EX | Warm up R-spatial |
R
is a very powerful software tool with many functions. In this course, we are interested in using R
to analyze spatial data and create maps based on it.
The first exercise in this unit is pragmatic and deals with preparing and handling the aerial photo data used for the rest of the course.
In the remainder of this course, we will classify or “predict” the location of buildings from this data with the help of suitable models. For this purpose, several types of data are necessary. Furthermore, this data has to be converted into a specific form for technical and organizational reasons.

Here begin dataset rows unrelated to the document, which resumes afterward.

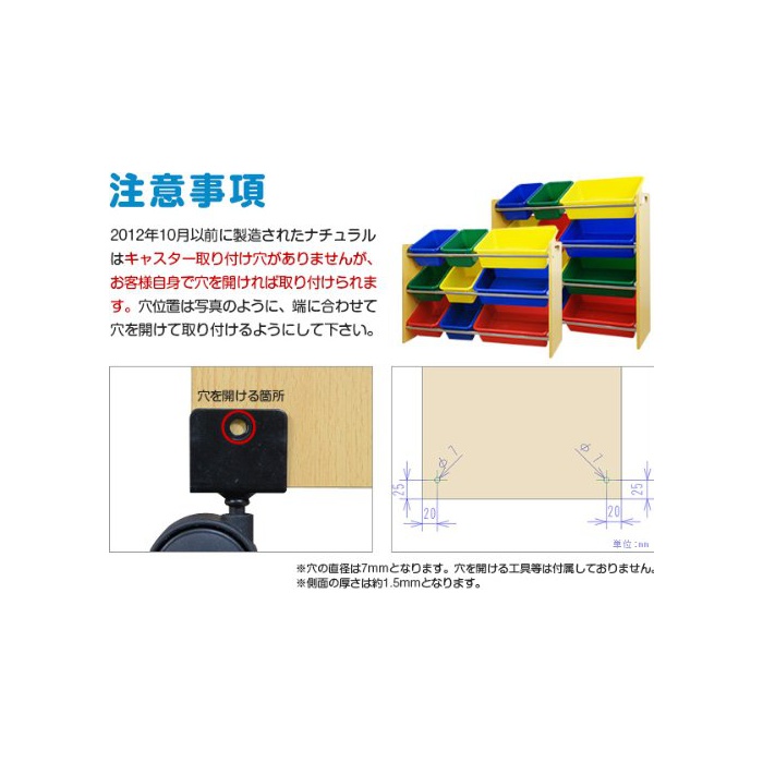 ※2012년 10월 이전에 제조 된 내츄럴은 캐스터 설치혈이 없습니다만,고객 자신에 구멍을 열면 설치됩니다.
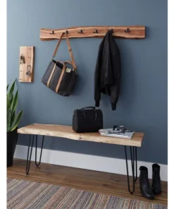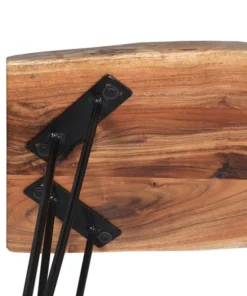 Mid-century meets Modern Industrial with these Natural Live Edge table tops and hairpin metal legs. Each tabletop is unique; no two tops will be exactly alike. Constructed of natural acacia wood. Each of our live edge products includes nylon floor protectors. The knots and cracks add to the wood's character. A clear natural finish enhances the beautiful features in each piece of wood.
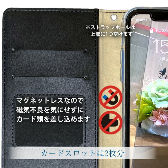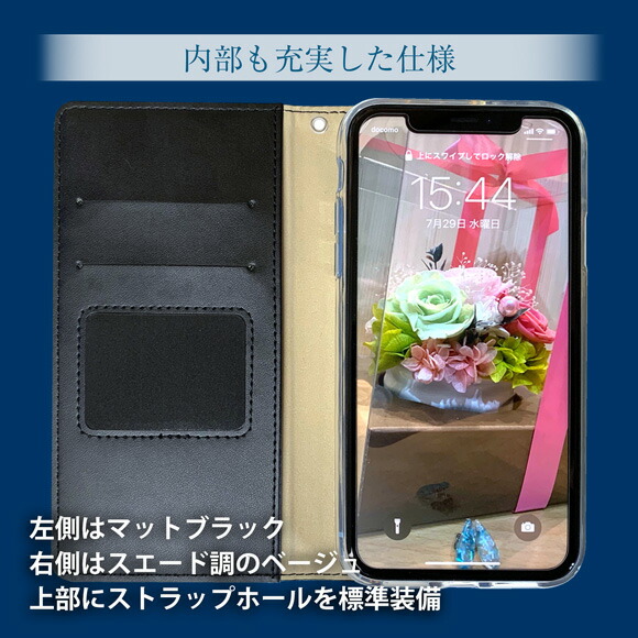 | 素材 | 高級人工革(外側)にUV印刷を施し、内側ではハードケース、もしくはTPUケース(機種によって異なります)で、スマートフォンをしっかりと保護します。 |
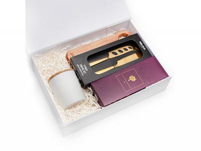 Create memorable moments with our custom branded luxury gift sets. Perfect for corporate gifts, client appreciation, and promotional merchandise, this premium entertaining collection combines an acacia wood cheeseboard, gold cheese knives, vanilla candle, and patchouli reed diffuser in elegant presentation packaging.

The following script snippets show how the data should be organized and which tools to use.
In detail, we will perform the following tasks:
- download the prepared data from the course server
- prepare the grid and vector data
- visualize the data
- calculate some indices
- save the results
Step 1 - Get the data and setup the working environment
The Hessian State Department of Land Management and Geoinformation (Hessische Verwaltung fuer Bodenmanagement und Geoinformation; HVBG) commissions flights for the entire state of Hesse every 2 years. They make the imagery, known as digital orthophotos (DOPs), available in 20cm and 40cm resolution with 4 channels: Red (R), Green (G), Blue (B) and Near-Infrared (NIR). More information about the HVBG’s DOPs is available here (German only).
The 20-cm DOP of our study area is available for download from the course server. Please note that the HVBG has provided these DOPs free of charge for the purpose of education and that they may only be used in the context of this course.

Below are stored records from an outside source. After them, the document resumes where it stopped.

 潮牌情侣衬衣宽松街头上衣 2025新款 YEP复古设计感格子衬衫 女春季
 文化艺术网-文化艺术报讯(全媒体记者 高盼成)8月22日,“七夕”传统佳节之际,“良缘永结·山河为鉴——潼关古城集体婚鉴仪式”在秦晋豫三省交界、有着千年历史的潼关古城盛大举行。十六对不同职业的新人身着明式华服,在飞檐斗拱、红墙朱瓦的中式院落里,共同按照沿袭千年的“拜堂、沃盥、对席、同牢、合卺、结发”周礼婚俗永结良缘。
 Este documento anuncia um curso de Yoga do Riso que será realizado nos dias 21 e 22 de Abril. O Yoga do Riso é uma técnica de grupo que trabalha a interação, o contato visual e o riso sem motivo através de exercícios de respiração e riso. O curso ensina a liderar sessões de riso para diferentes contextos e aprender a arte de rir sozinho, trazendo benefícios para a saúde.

Writing it down as a script.
Remember: We start every single script by sourcing our script geoAI_setup.R
, from Unit 1.
Then we start the actual work:
- First, we import a digital orthophoto of Marburg. To import so-called raster data, we normally use the package
raster
, which is loaded with the calllibrary(raster)

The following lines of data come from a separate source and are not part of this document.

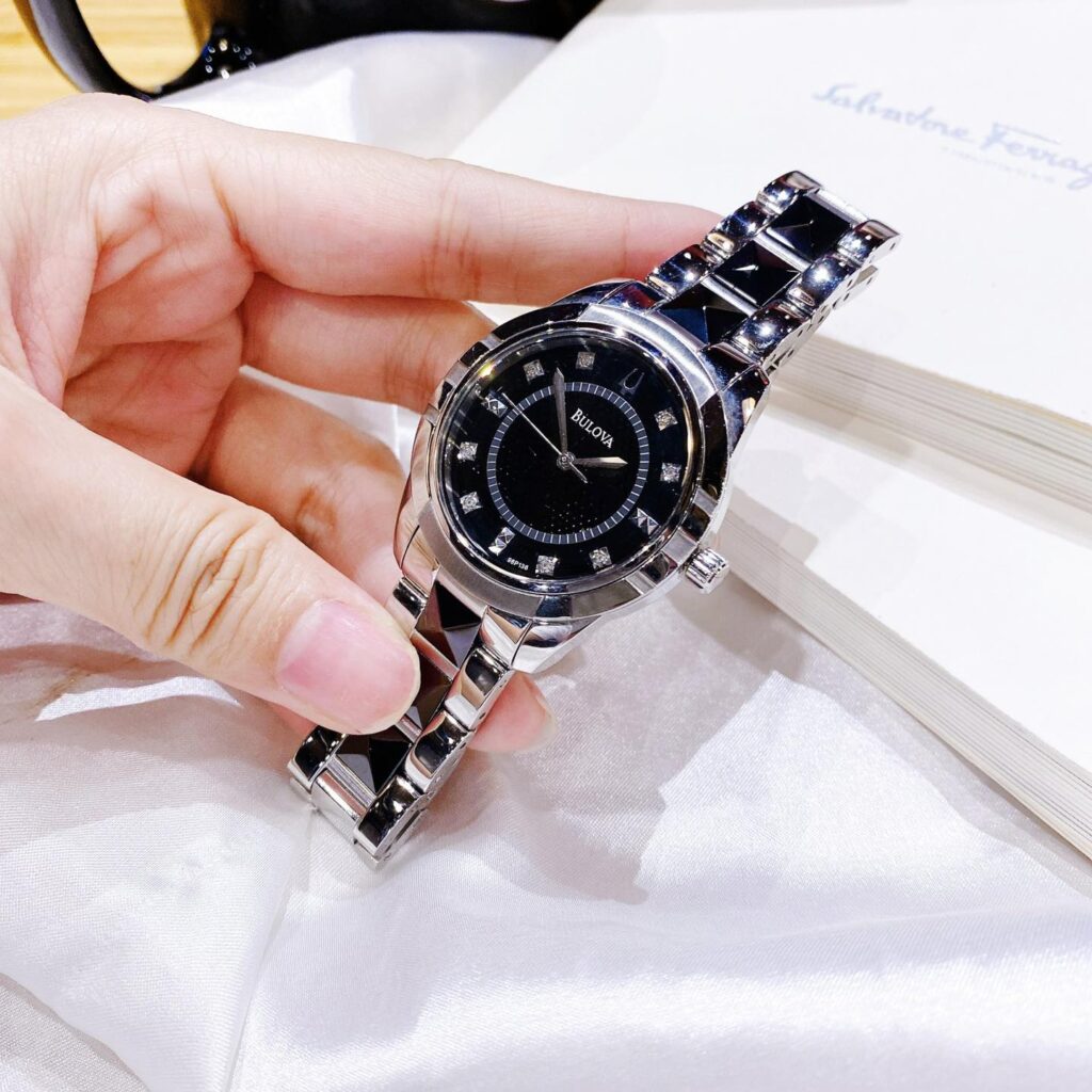 Đồng Hồ Bulova Chính Hãng Nữ 98P136 Diamond Black Dial Steel and Ceramic Ladies Watch
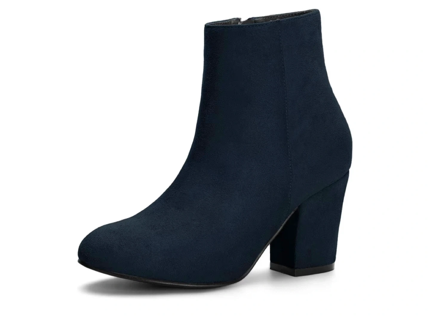 These stylish navy blue ankle boots feature a chic block heel and a smooth suede finish. They have a convenient side zipper for easy on and off. This versatile pair is perfect for dressing up any outfit for a night out or a day in the city!
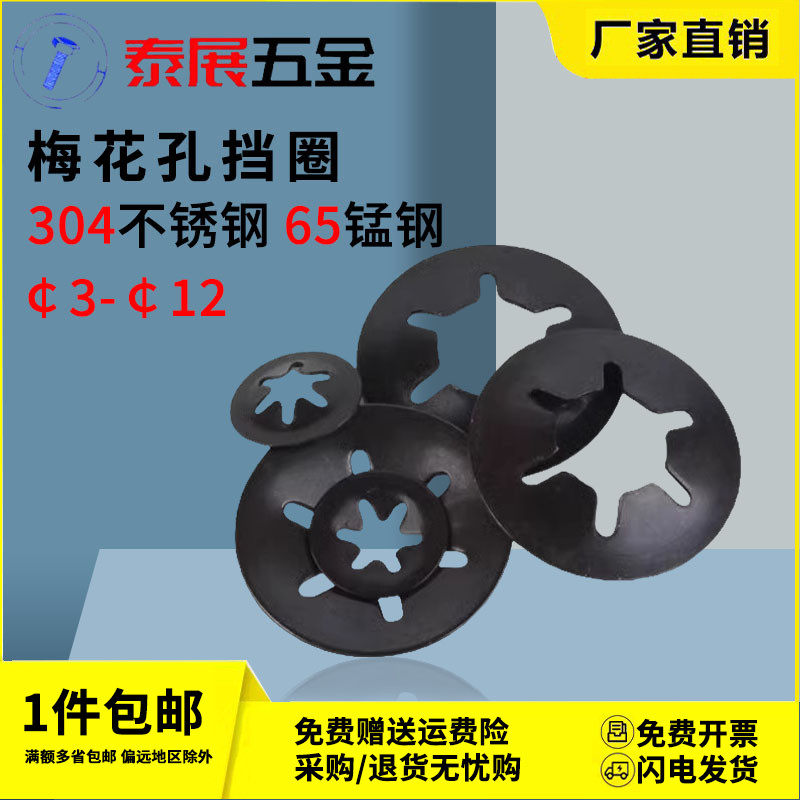 梅花孔挡圈65锰钢发黑轴承夹挡圈304不锈钢M3-M12梅花型轴夹挡圈
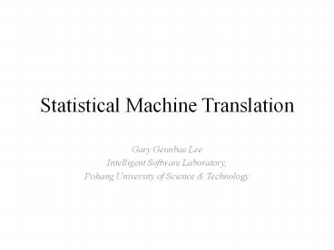 <Notice: Removed> Statistical Machine Translation PowerPoint PPT Presentation
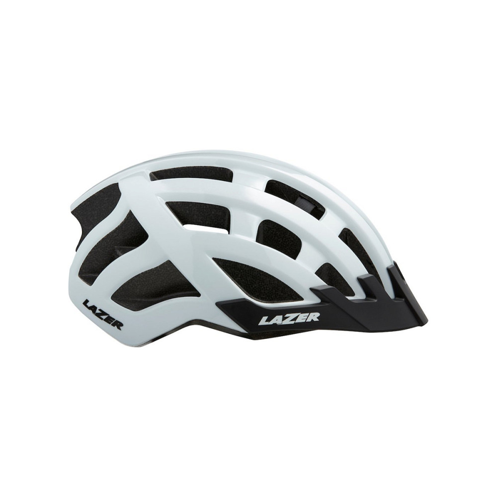 Велошлем Lazer Compact с системой Turnfit ® Plus (предотвращает появление "горячих" точек или точек давления, выполняя регулировку по всей окружности головы), универсальный размер (54-61 см), вес 320 г, 21 вентиляционное отверстие. Компактный шлем обеспечивает комфорт, безопасность и стиль в привлекательной и недорогой упаковке. Цвет белый.
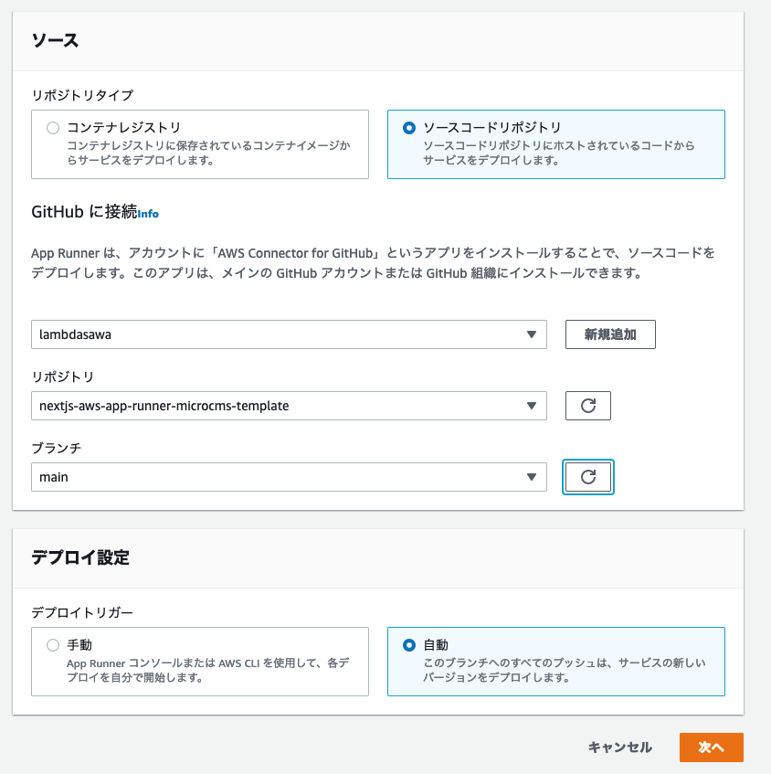 今回は AWS 上で Next.js を動かすために App Runner を使用します。

. We don’t need to do this, however, because we already loaded the package via the setup script. - Next, we import a vector data set containing the areas of the buildings.
- Then, we check the georeferencing.
- Finally, we visualize the data.
Step 2 - Prepare the data
After downloading the data, move them into the data
path of our working environment.
We will start by creating a new R
script called data.R
in the src
folder.
Raster data
Specifically, we use the stack
function from the raster
package to import the TIF file here. By using the ::
syntax, i.e. package::function
, we guarantee that we are using a specific function from a specific package. This concept is important to ensure that we are using the correct function (because some packages use the same function names, which is called masking).
Vector data
In addition to raster data, R
can handle vector data as well. A different package, sf
, is required to read vector data of many types. For training purposes, we will download some data from the Openstreetmap (OSM) database. Take a look at the website for an overview of the available features.
# Example Polygons
# OSM public data buildings marburg
# do not forget to add the osmdata package to your header section of the script
library(osmdata)
# loading OSM data for the Marburg region
buildings = opq(bbox = "marburg de") %>%
add_osm_feature(key = "building") %>%
osmdata_sf()
buildings = buildings$osm_polygons
mapview::mapview(buildings)
Coordinate reference system
Geospatial data always needs a coordinate reference system (CRS). In R
, you can check the CRS of an imported layer using the crs
function in the raster
package.
# 2 - check CRS and other info
#-----------------------#
raster::crs(rasterStack)
raster::crs(buildings)
If you want to work with both of these layers together they should return the same CRS. In cases when you are uncertain if two layers have the same CRS, you can use the compareCRS function to test if they are the same.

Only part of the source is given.